As the Commissioner correctly points out in response, to the extent Williamson argues that the ALJ erred in finding that she was capable of performing specific categories of jobs, it is her task to show that the error was harmful. See Shinseki v. Sanders, 129 S.Ct. 1696, 1706 (2009). Even assuming for the sake of argument that the ALJ's RFC is inconsistent with respect to four of the six jobs to which the ALJ points, that leaves two available categories of work-telephone quotation clerk and order caller-which the vocational expert testified exist in the Chicago area in numbers greater than 2,500 and 1,200, respectively. Williamson does not persuasively argue that either of those jobs is inconsistent with the ALJ's RFC. With respect to the order caller job, Williamson simply asserts without support that the DOT is outdated and "[t]his position is now one that almost assuredly requires use of a computer." (R. 42, Pl.'s Br. at 23.) Counsel's unsupported speculation is insufficient to warrant a remand. See, e.g., Nelms v. Astrue, 553 F.3d 1093, 1098 (7th Cir. 2009). Williamson's only argument with respect to the job of telephone quotation clerk is her assertion that she is entitled to a finding of disability as of her 50th birthday if only sedentary positions are available. Williamson cites no authority for that proposition. Although Grid Rules 201.09 and 201.10 direct a finding of disabled if an ALJ concludes that a person closely approaching advanced age has an RFC that limits them to sedentary work, see 20 C.F.R. 404, Subpt. P, App. 2, Grid Rules 201.09, 201.10, those rules do not address a situation where a claimant has an RFC that allows for both light and sedentary work. Williamson does not develop any argument explaining how the Grid Rules impact the step-five analysis, and it is not this court's role to develop the argument for her.See Wells v. Unisource Worldwide, Inc., 289 F.3d 1001, 1008 (7th Cir. 2002) (noting that "arguments that are unsupported by pertinent authority, are waived"). Accordingly, to the extent the ALJ's decision is overly broad and includes jobs that Williamson could not perform, Williamson has not shown that the error was harmful, because the jobs that remain are sufficient to support the ALJ's step-five conclusion. See Coleman v. Astrue, 269 Fed. App'x. 596, 602 (7th Cir. 2008) (finding harmless ALJ's failure to resolve conflict with respect to one job category where other job categories still available).
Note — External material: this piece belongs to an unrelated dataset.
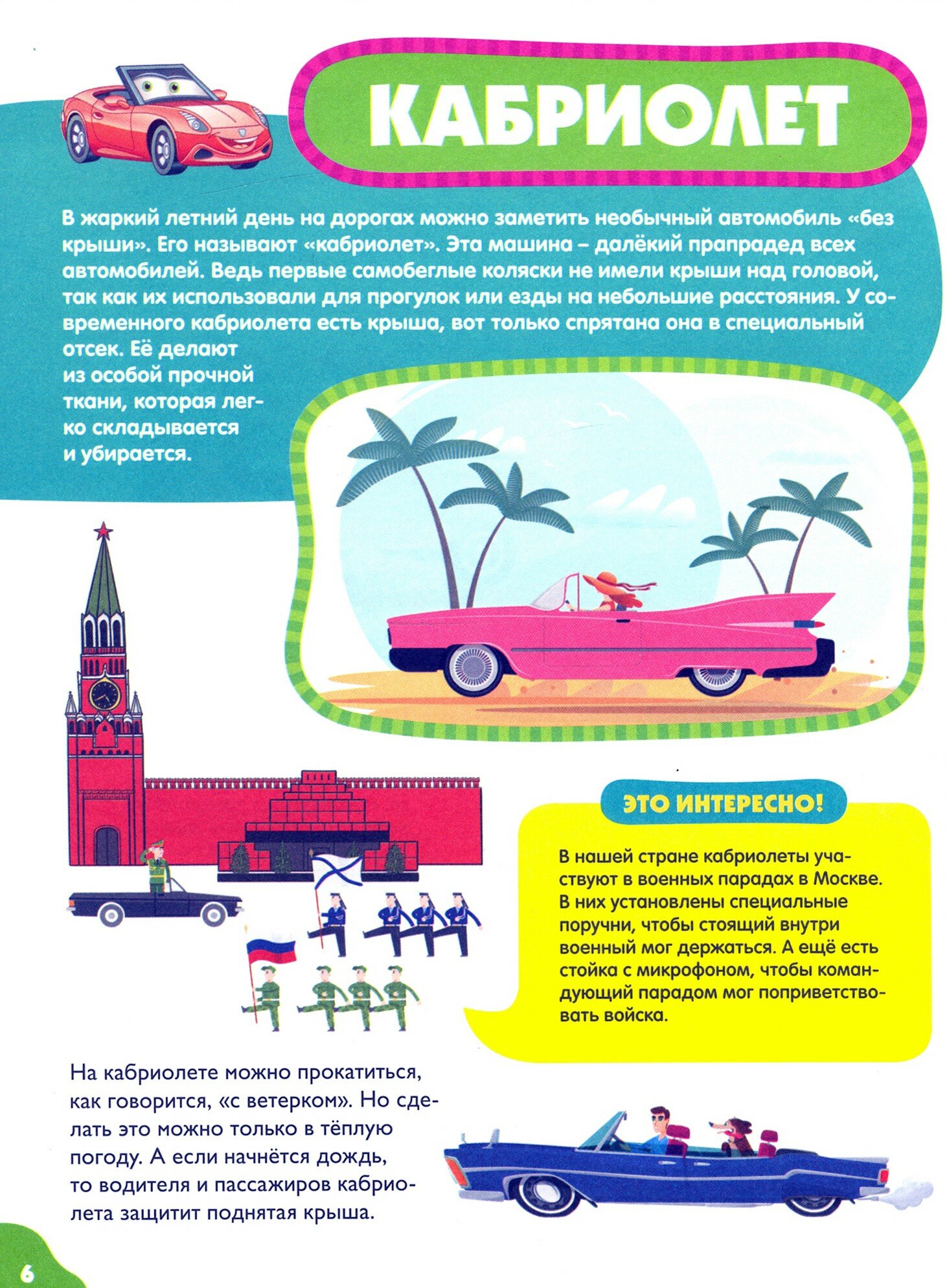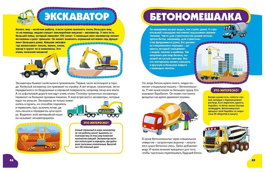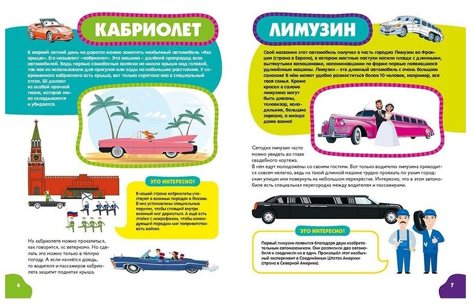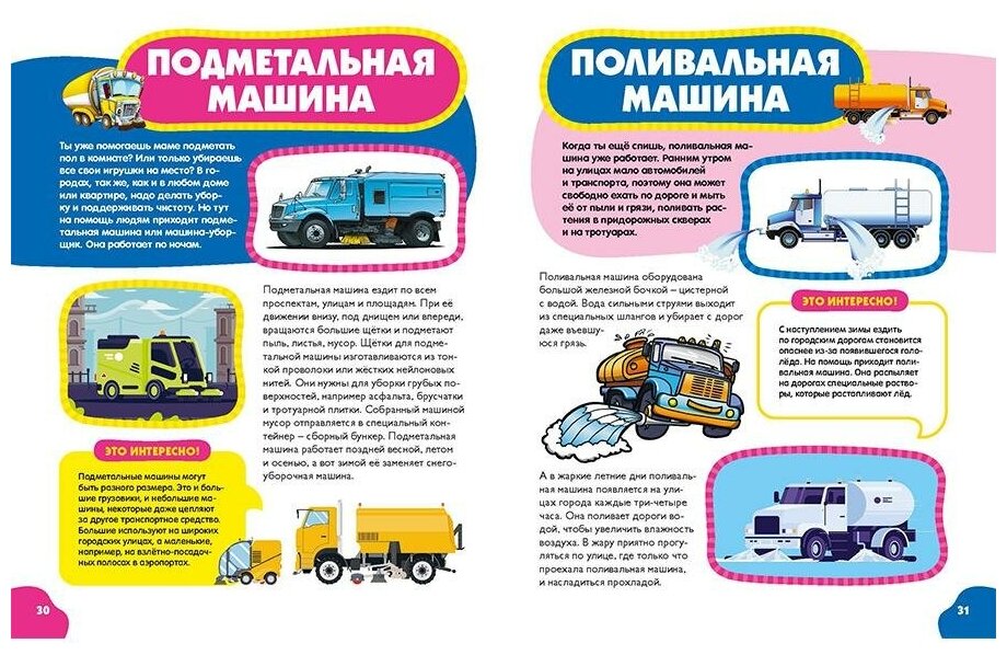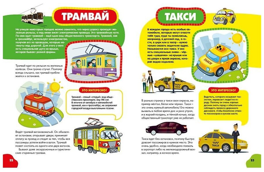 Эта книга познакомит вашего ребёнка с самым разным транспортом техникой, которая помогает людям, например, перевозить пассажиров и грузы, строить дома и дороги, убирать урожай. Конечно, со многими ваш малыш уже познакомился на улицах города или посёлка, видел полезные машины на стройках или в полях. Наша энциклопедия для самых маленьких детей не только расскажет ребёнку о легковых и грузовых автомобилях, городском транспорте, строительных и полезных машинах, но и познакомит с поездами и мототехникой. А забавные и красочные иллюстрации не дадут ему скучать!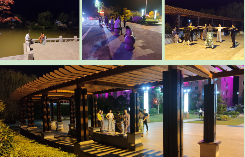 在淮海農(nóng)場,當(dāng)夜晚來臨的時(shí)候,許多人都喜歡到淮海公園中去走一走,看一看,或坐一坐,跳一跳,因?yàn)樵诠珗@那兒,既可以與居民們相約聊天,相互散步,也可以坐在燈光下,欣賞著河岸的風(fēng)光,享受下濃墨重彩的韻味。當(dāng)然,也可以在怡然自得中,聽一聽那些舞蹈人播放的音樂,目睹下他們翩翩起舞的姿態(tài),而對忙碌一天的居民來說,在這里可以找到最原始的放松形式,讓身心的疲憊在公園中得到充分地釋放。

The ALJ in this case was charged with the daunting task of determining from an extensive medical record the nature and effects of Williamson's physical and mental impairments during a period that ended years before the ALJ received the case. In concluding that Williamson was not disabled during that period, the ALJ thoroughly examined the evidence and built the requisite logical bridge from the evidence to her conclusion. Because the ALJ's conclusion is supported by substantial evidence and free of harmful error, Williamson's motion for summary judgment is denied and the decision of the Commissioner is affirmed.